John was besotted by Isabella and reportedly neglected his duties to be with her. She was a high-spirited and headstrong woman with a personality to match his own. Unfortunately, John was also cruel and took mistresses. He blamed Isabella for his own failures.
They had five children together, the first born seven years after their marriage. Henry III would be King of England, Richard King of Rome, Joan Queen of Scotland, Isabella Holy Roman Empress and Eleanor, a prominent noble.
Queenship: Isabella did not have the most enjoyable time as Queen. Hugh of Lusignan was not thrilled about John having stolen his fiancée and kicked up a stink. The King of France then took John’s French possessions and gave them to Hugh. John blamed this on Isabella, despite him having pushed to marry her. Isabella was blamed by the elites for John’s misadventures despite her being a child. They called her a seductress and a Jezebel.
In 1203, Isabella’s castle was besieged by rebels. John set out to rescue her but was scared of being captured himself, so he sent out a force. A year previously, he’d personally rescued his mother. She would spend most of the years from 1207 pregnant. Her children would be raised away from her and she wasn’t allowed a government role. Whilst John abducted noblewomen and had illegitimate children, rumours of Isabella’s adultery made her extremely unpopular.
Post-Queenship: Isabella was forced to live under guard as French forces made ground in England. On the 18th October 1216, John died. This may have been a relief for Isabella on a personal level but her son was still underage. In order to cement her son’s claim, Isabella took him to Gloucester and had him crowned. Her unpopularity meant that she was not part of his regency council.

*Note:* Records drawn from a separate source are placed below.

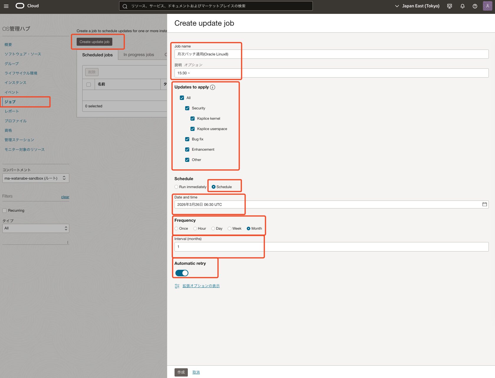 - [Job name] にジョブの名称を入力します(例:月次パッチ適用(Oracle Linux8))。
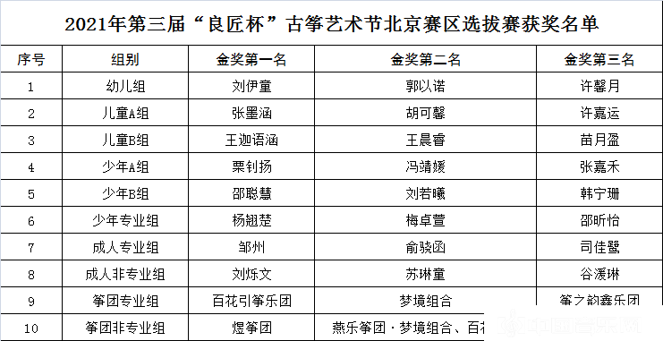 2021第三届“良匠杯”古筝艺术节暨第一届“百团大战”筝团展演北京赛区选拔赛于7月13日在中国宋庆龄青少年科技文化活动中心圆满落下帷幕,经过10个组别近300名选手的激烈角逐,评委们本着“专业、严谨、公平、公正”的原则进行评分,组委会根据评分,按照选拔赛章程的规定,按比例选手进行了各项奖项的评定。金奖前三名获奖名单如下:
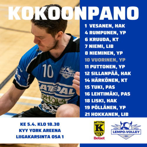 1-sarjan mestari Lempo-Volley aloitti lentopallon miesten Mestaruusliigan karsinnat keskiviikkona 5.4. Kyyjärvellä KyKy-Betsetin vieraana. Ensimmäisen kiinnityksen ensi kauden liigapaikkaan otti liigajoukkue KyKy-Betset erin 3–0 (25–10, 25–23, 25–22). Sarja jatkuu perjantaina Lempäälässä ja kolmella voitolla lunastaa liigapaikan.
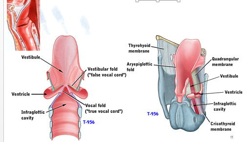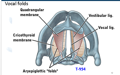 Arytenoid cartilages to epiglottis: Quadrangular ligament - free edge is vestibular ligament
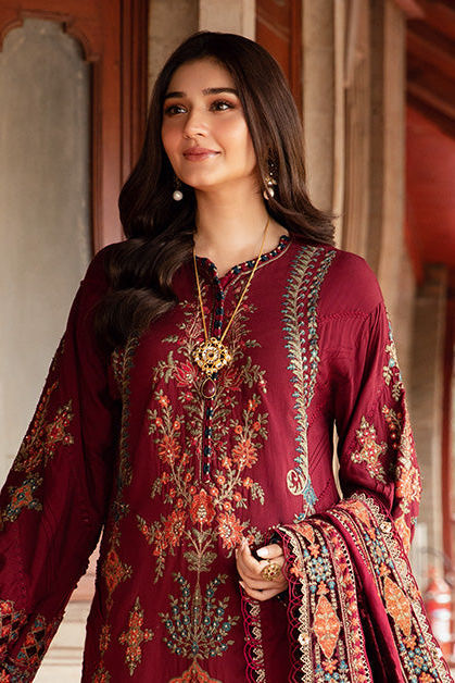 Embroidered Twill Linen Shawl Pallu Patches L+R
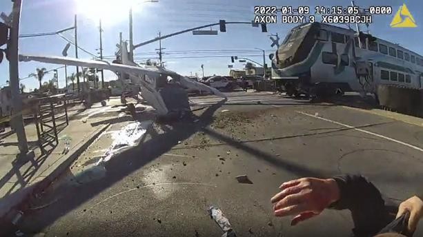 ويظهر مقطع الفيديو عناصر الشرطة وهم يسحبون الطي ار الجريح من قمرة القيادة. وبعد سحبه بخمس ثوان فقط اصطدم قطار سريع بالطائرة ما أد ى إلى تناثر حطامها.
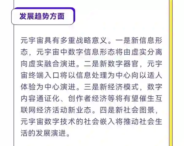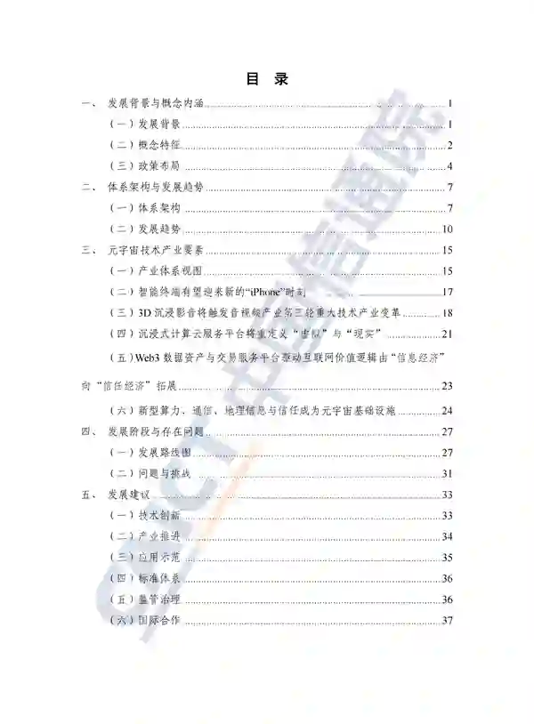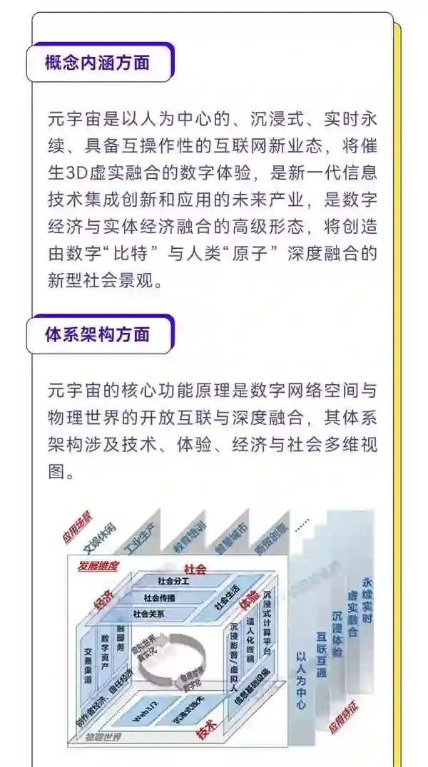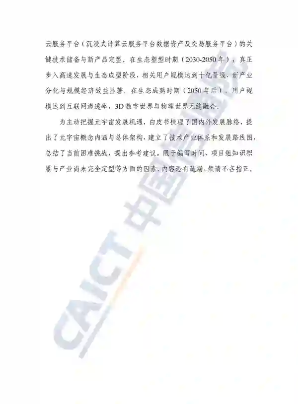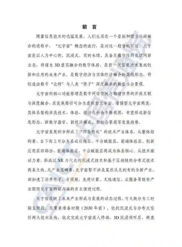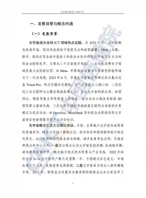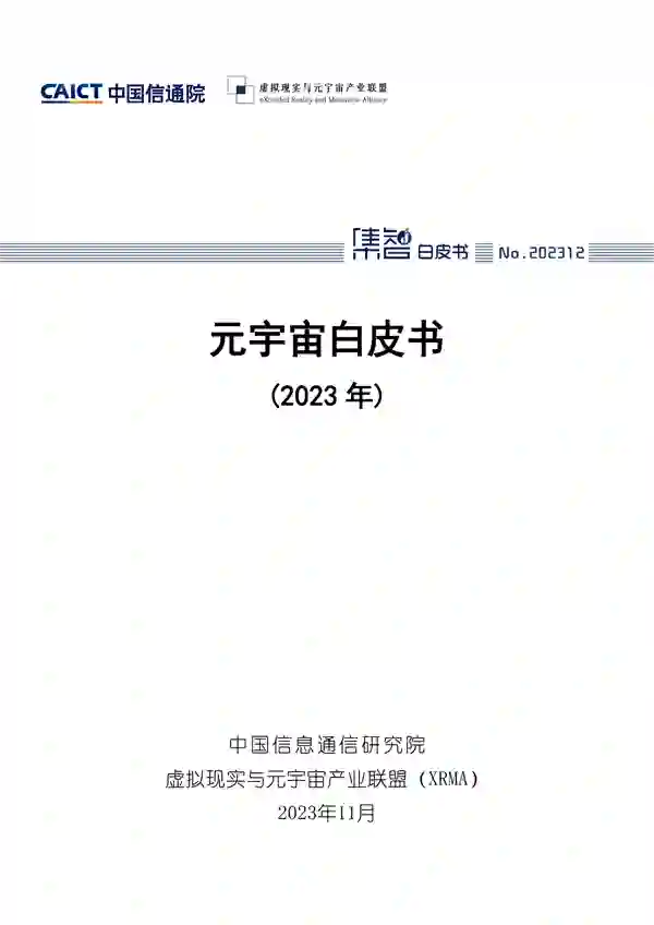 随着信息技术的迅猛发展,人们生活在一个虚拟和现实日渐融合的进程中,在此背景下,“元宇宙”概念迅速升温成为全球焦点议题,可能对人类生产生活方式产生较大影响。当前,国内外政府给予高度关注和政策部署,全球科技巨头与初创企业积极布局,抢抓元宇宙发展的新机遇、新赛道。 近日,中国信息通信研究院联合虚拟现实与元宇宙产业联盟(XRMA)正式发布《元宇宙白皮书(2023年)》。 白皮书在系统梳理国内外发展脉络基础上,构建了元宇宙发展的整体性视图,包括研究了元宇宙争议焦点和兴起动因,提出了概念内涵与总体架构,分析了发展趋势与价值意义,建立了技术产业体系和发展路线图,分析了当前面临困难和潜在挑战,并提出相关建议,面向业界和社会大众输出了相对全面的元宇宙发展视图和观点判断。 白皮书核心观点

Isabella then headed to France to take control of her lands. Her daughter Joan was engaged to Hugh IX’s son Hugh X and had been sent to live at their court. When Hugh X saw Isabella, he decided to marry her instead. Joan was promised to the King of Scotland. The English were furious that Isabella had not sought their permission and took away her dower lands. Isabella retaliated by threatening to keep Joan in France. Alexander of Scotland wanted his bride, so a settlement was reached.

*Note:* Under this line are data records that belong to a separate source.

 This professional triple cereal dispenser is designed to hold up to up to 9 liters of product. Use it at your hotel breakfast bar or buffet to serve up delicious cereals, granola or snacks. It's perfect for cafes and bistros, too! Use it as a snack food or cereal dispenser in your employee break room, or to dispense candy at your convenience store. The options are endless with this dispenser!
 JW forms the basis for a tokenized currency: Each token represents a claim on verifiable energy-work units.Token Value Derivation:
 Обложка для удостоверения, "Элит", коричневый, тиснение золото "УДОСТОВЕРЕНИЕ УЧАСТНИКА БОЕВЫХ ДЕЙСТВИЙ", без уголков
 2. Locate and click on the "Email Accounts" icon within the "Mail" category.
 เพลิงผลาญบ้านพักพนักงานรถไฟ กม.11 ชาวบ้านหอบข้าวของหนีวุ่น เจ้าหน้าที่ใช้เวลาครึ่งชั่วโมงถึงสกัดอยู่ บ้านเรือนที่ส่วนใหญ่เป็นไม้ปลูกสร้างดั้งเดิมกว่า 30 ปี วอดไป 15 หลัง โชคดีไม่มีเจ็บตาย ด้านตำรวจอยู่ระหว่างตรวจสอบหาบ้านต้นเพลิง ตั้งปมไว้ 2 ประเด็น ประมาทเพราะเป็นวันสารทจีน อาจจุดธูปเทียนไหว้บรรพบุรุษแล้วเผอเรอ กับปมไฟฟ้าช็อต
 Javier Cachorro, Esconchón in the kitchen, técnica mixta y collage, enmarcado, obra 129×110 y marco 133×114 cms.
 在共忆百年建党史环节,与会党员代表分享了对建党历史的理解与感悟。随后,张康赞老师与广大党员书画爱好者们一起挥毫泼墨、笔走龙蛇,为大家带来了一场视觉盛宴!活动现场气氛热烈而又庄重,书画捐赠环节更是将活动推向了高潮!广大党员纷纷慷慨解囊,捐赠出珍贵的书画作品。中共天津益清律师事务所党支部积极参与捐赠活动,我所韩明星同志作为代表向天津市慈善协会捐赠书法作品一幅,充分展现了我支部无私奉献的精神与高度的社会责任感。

Isabella would have nine children with Hugh. This marriage was likely better for Isabella as Hugh included her in governance and both of their signatures were found on documents. She did not have a good relationship with the sons from her first marriage, especially as it was decades before she saw them again. Isabella also resented having to defer to other women even though she was the former Queen.
After being snubbed by the King of France’s mother, Isabella started plotting against him. After she was implicated in an attempted poisoning, Isabella fled to an abbey for protection in 1244.
Isabella died on the 4th June 1246, aged between 58 and 60. She was little mourned in England, but her son did ensure she was moved from the abbey to be buried with his grandparents.
Personality: Isabella was a strong and tenacious woman who didn’t hesitate to get what she wanted. Contemporaries called her a Jezebel and overly ambitious, blaming her for affairs that may not even have happened. Isabella was also very young at the time. She ultimately wanted some happiness after being married off as a child bride and blamed for her husband’s misdeeds. Though contemporaries may have been overly critical of her, Isabella did steal her daughter’s fiancé and threatened to keep her away. She also left her children to look after themselves.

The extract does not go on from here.